*Problem details*.
Can the lines below, from the one that holds "1、打开软件后,进入精选页面" to the very end, be echoed exactly, with both ends included and no pictures?

*Data extract*.
+===+

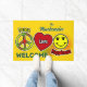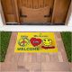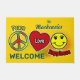 This Peace, Love & Happiness rectangular door mat features playful peace, heart, and smiley icons set against a warm golden yellow background. The green script Family Name adds a personal signature touch, while “WELCOME” ensures your entryway feels inviting and cheerful.
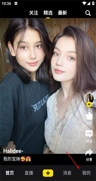 1、打开软件后,进入精选页面,这里会展示用户发布的内容,同时配有点赞、评论和分享按钮;之后选择“我的”,即可进入对应的个人页面。
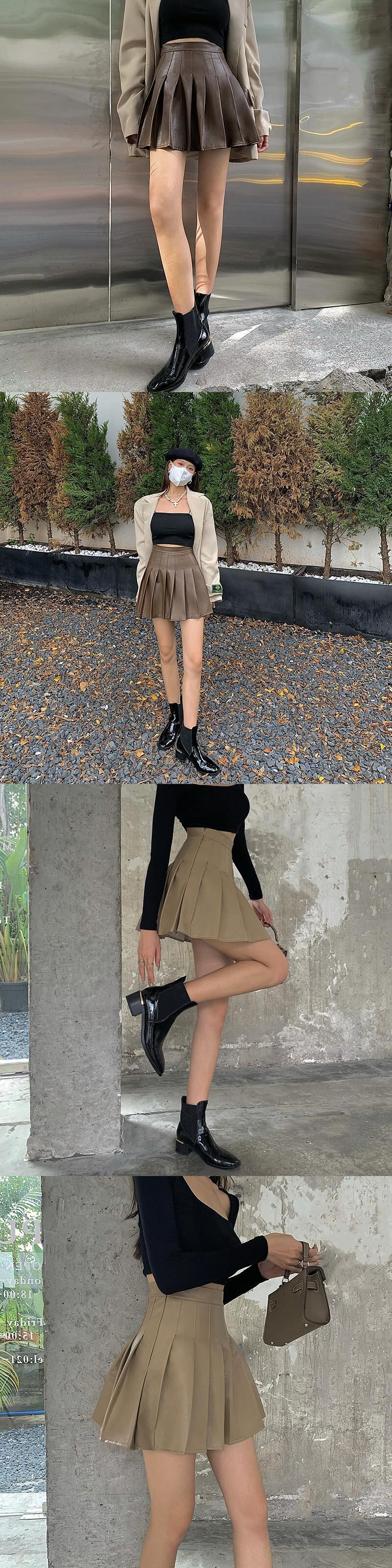 レザースカート ハイウェストウェスト薄手プリーツオータムジッパーブラックAライン 秋物 ブラックストロベリース46055083464

+===+

*Response box*.
 1、打开软件后,进入精选页面,这里会展示用户发布的内容,同时配有点赞、评论和分享按钮;之后选择“我的”,即可进入对应的个人页面。
 レザースカート ハイウェストウェスト薄手プリーツオータムジッパーブラックAライン 秋物 ブラックストロベリース46055083464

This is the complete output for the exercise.